What to illustrate and how to do it?
In the field
Because the mycological terminology is still too ambiguous, illustrations remain very important to explain detailed morphology.
It is extremely important to keep in mind that drawings are of little or no value if they lack precision. Therefore, microscopic features should preferably be drawn with the help of a camera lucida or a mirror at the highest magnification possible: 400 × for sections and surface views and no less than 2000 × for spores and 1000 × for other elements.
Sections of tissues are particularly useful to illustrate the different layers at the surface of the fruit body, in particular the structure of the pileipellis, but also gill sections showing composition of lamellar trama and subhymenium can be very informative. Implantation and distribution of various cell types, such as cystidia and dermatocystidia, or the thickness of individual tissue layers are easily observed.
Cutting a extremely thin slice of the surface of cap or stipe is a first necessary step when making squash preparations. Observing the slice before proceeding with the actual dispersal of the individual cells by squashing the preparation can be very informative, particularly in Lactarius and some groups of Russula with inflated elements in the cap. In Lactarius, surface views often allow to differentiate between closely related taxa.

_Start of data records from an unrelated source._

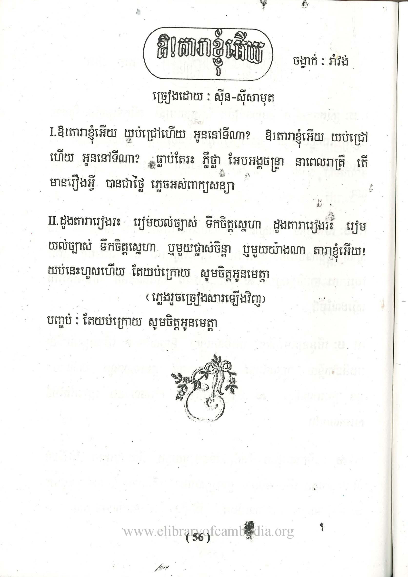យើងខ្ញុំមានបំណងរក្សាសម្បត្តិខ្មែរទុកនៅលើគេហទំព័រ www.elibraryofcambodia.org នេះ ព្រមទាំងផ្សព្វផ្សាយសម្រាប់បម្រើជាប្រយោជន៍សាធារណៈ ដោយឥតគិតរក និងយកកម្រៃ នៅមុនថ្ងៃទី១៧ ខែមេសា ឆ្នាំ១៩៧៥ ចម្រៀងខ្មែរបានថតផ្សាយលក់លើថាសចម្រៀង 45 RPM 33 ½ RPM 78 RPM ដោយផលិតកម្ម ថាស កណ្ដឹងមាស ឃ្លាំងមឿង ចតុមុខ ហេងហេង សញ្ញាច័ន្ទឆាយា នាគមាស បាយ័ន ផ្សារថ្មី ពស់មាស ពែងមាស ភួងម្លិះ ភ្នំពេជ្រ គ្លិស្សេ ភ្នំពេញ ភ្នំមាស មណ្ឌលតន្រ្តី មនោរម្យ មេអំបៅ រូបតោ កាពីតូល សញ្ញា វត្តភ្នំ វិមានឯករាជ្យ សម័យអាប៉ូឡូ សាឃូរ៉ា ខ្លាធំ សិម្ពលី សេកមាស ហង្សមាស ហនុមាន ហ្គាណេហ្វូ អង្គរ Lac Sea សញ្ញា អប្សារា អូឡាំពិក កីឡា ថាសមាស ម្កុដពេជ្រ មនោរម្យ បូកគោ ឥន្ទ្រី Eagle ទេពអប្សរ ចតុមុខ ឃ្លោកទិព្វ ខេមរា មេខ្លា សាកលតន្ត្រី មេអំបៅ Diamond Columbo ហ្វីលិព Philips EUROPASIE EP ដំណើរខ្មែរ ទេពធីតា មហាធូរ៉ា ជាដើម។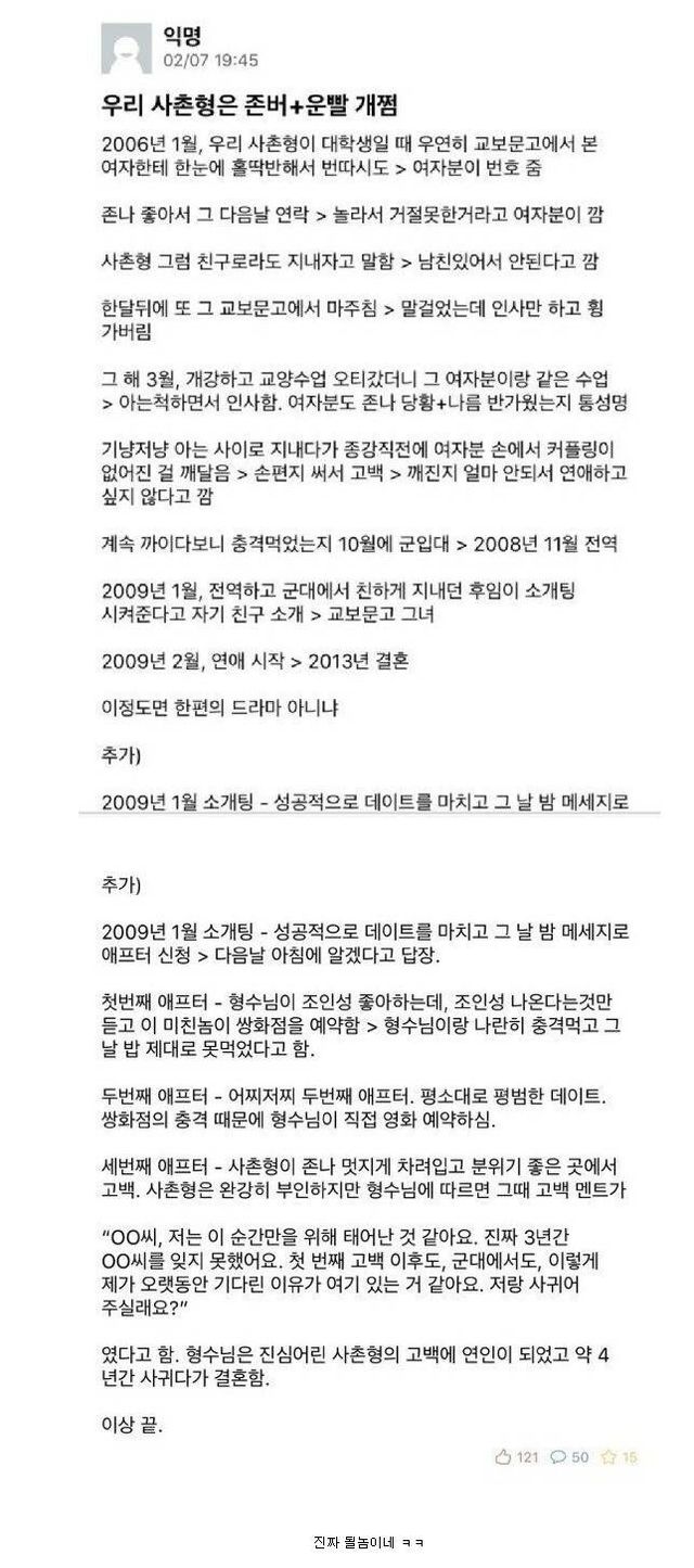 존버 + 운빨 개쩌는 사촌형 결혼 썰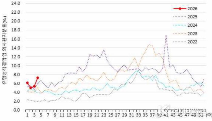 질병관리청 표본감시 자료에 따르면, 1월 넷째 주 유행성결막염 의사환자 분율은 인구 1,000명당 7.2명으로 집계됐다. 이는 전주(5.3명)보다 증가한 수치로, 2022년부터 2025년까지 최근 4년간 같은 기간과 비교해도 가장 높은 수준이다.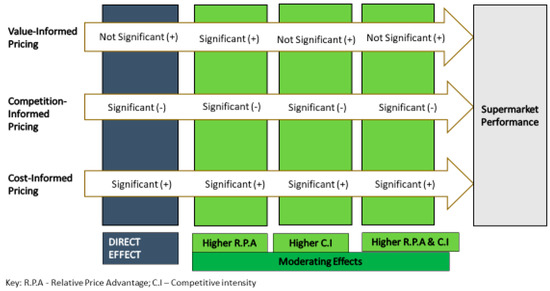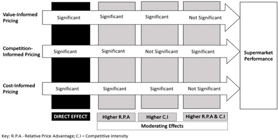 With respect to the product and market contingencies that influence the role of pricing practices on firm performance, relative product advantage and competitive intensity are examined. Firstly, relative product advantage deals with the relative superiority of the supermarket’s product over competition [34]. Relative product advantage has been consistently found to be a strong predictor of organization performance [35]. Competitive intensity relates to the market in which the product is sold [34]. In marketing strategy literature, competitive intensity is seen as a major force that erodes the ability of the firm to reap the benefits of the customer value it creates e.g., [35,36,37].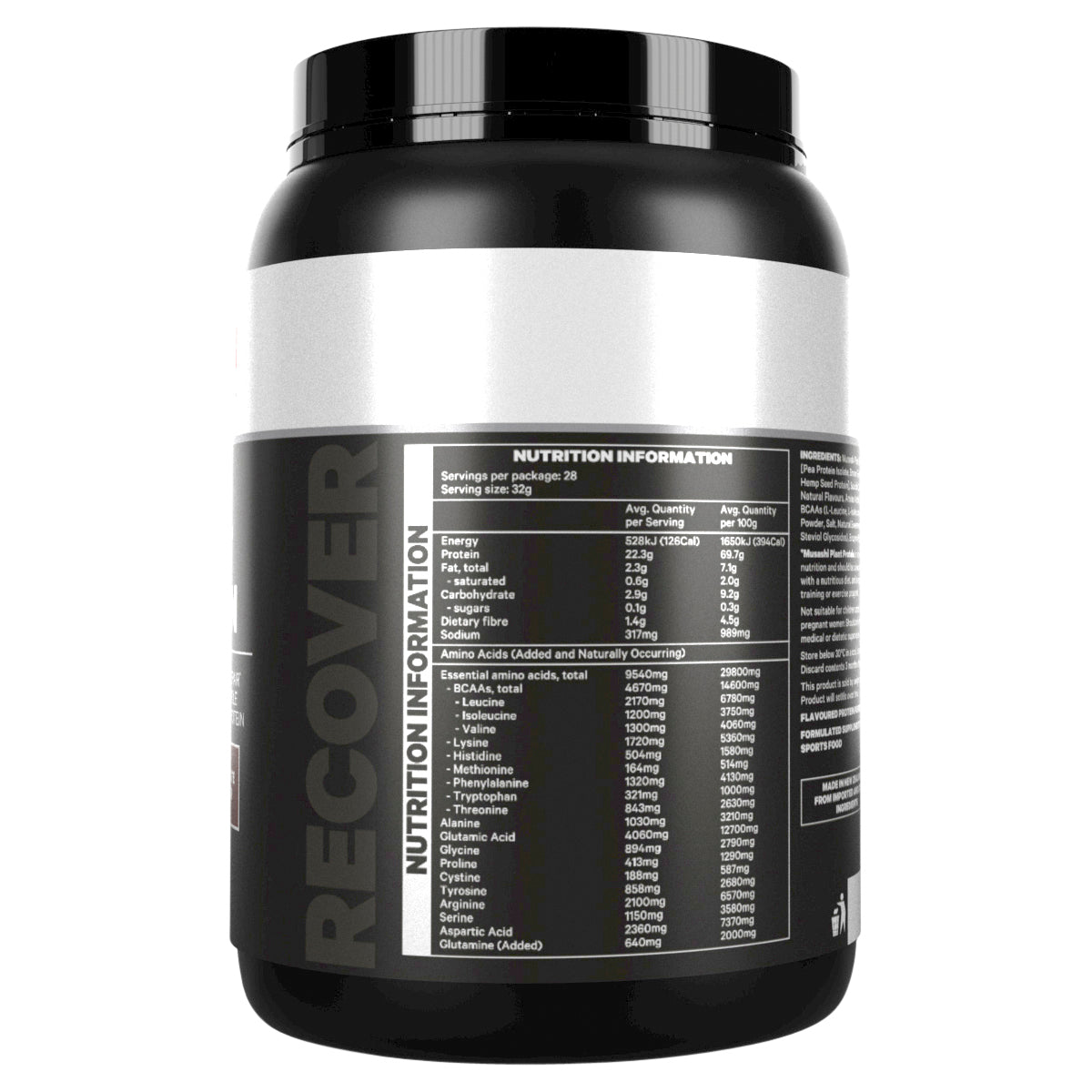 Musashi Plant Protein Blend (86%) [Pea Protein Isolate (82%), Brown Rice Protein Concentrate (3%), Chia Protein (0.5%)], Natural Flavours, Soluble Corn Fibre (3%), Cocoa Powder, Amino Acids [L-Glutamine (2%), BCAAs (1%) (L-Leucine, L-Isoleucine, L-Valine)], Medium Chain Triglycerides (MCT) Powder (0.5%), Salt, Natural Sweeteners (Thaumatin, Steviol Glycosides), Enzyme (0.2%) (Papain).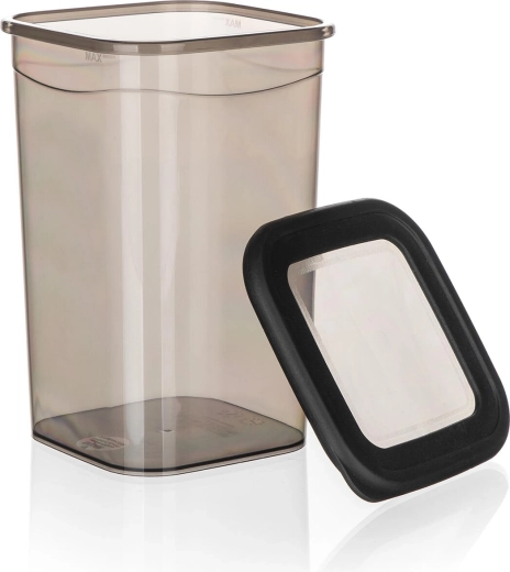 Dóza LISSA kombinuje moderní kouřové provedení s praktickým čtvercovým tvarem pro efektivní využití prostoru. Průhledné stěny umožní rychlou kontrolu zásob a zacvakávací víčko napomáhá ochránit obsah před vlhkostí a nečistotami. Ideální pro každodenní organizaci spíže.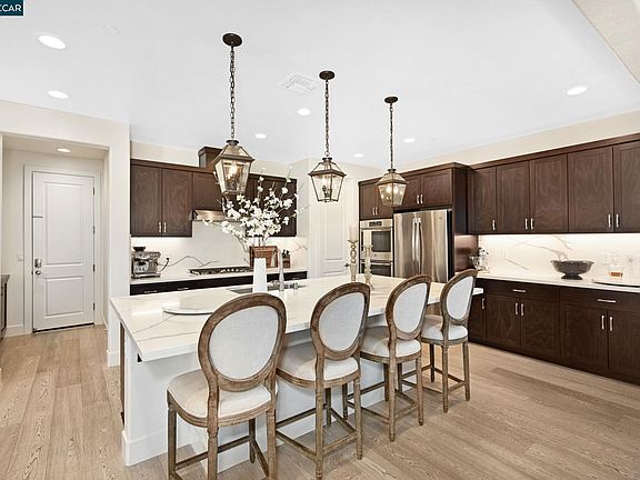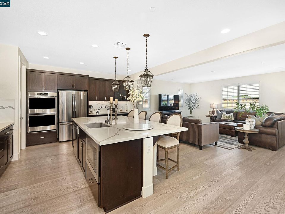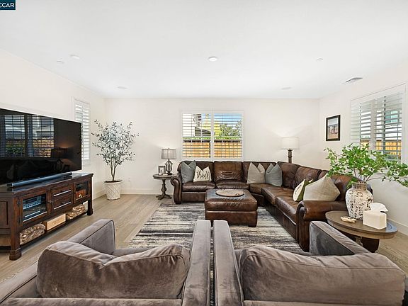 OPEN HOUSE - Sun. (5/7) 1:30 - 4:00. You won't find more bang for your buck than this stunning newer home in the popular Wayland community in Livermore! With all the bells and whistles, this fabulous family home has nearly $100,000 in upgrades and features Plantation shutters, upgraded light fixtures, indoor and outdoor built-in speakers, custom crown mouldings and woodworking, 2 whole house fans and upgraded flooring, including gorgeous white oak hardwood floors throughout the downstairs and 2-yr. new upgraded carpet upstairs! Enjoy the gourmet kitchen complete with quartz counters, recessed lighting, huge island w/sink and custom pendant lighting, soft-close cabinets and drawers, walk-in pantry and stainless steel appliances, including 5-burner gas stove and double oven! Truly a fantastic floorplan with one/bed bath down ideal for home office or in-law set-up, 3 more bedrooms and a spacious loft upstairs, extra storage area beneath the stairs and a large kitchen and family room area ideal for entertaining or enjoying family fun! The comfortable rear yard features a California room with covered patio, ceiling fan and built-in speakers!

For more examples see the following articles:
Buyck, B. & Schoonackers, M. (1986) – Het genus Lactarius Fries in Vlaanderen, een microscopische studie (deel 1). Meded. Antwerpse Mycol. Kring 87 (1): 11-25.
Buyck, B. & Schoonackers, M. (1987) – Het genus Lactarius Fries in Vlaanderen, een microscopische studie (deel 2). Meded. Antwerpse Mycol. Kring 87 (2): 34-46.
Buyck, B. & Schoonackers, M. (1987) – Het genus Lactarius Fries in Vlaanderen, een microscopische studie (deel 3). Meded. Antwerpse Mycol. Kring 87 (4): 110-119.
Russulales are blessed with several different cell types making it possible to exploit a relatively high number of different microscopical features to distinguish between taxa. Size and shape of various cell types such as spores, dermatocystidia and hyphal extremities in cap and stipe are regularly used to describe and identify species. Although less often used for identification, the various cell types composing the hymenium (basidia, cystidia, marginal cells and pseudocystidia) are also taxonomically important to describe.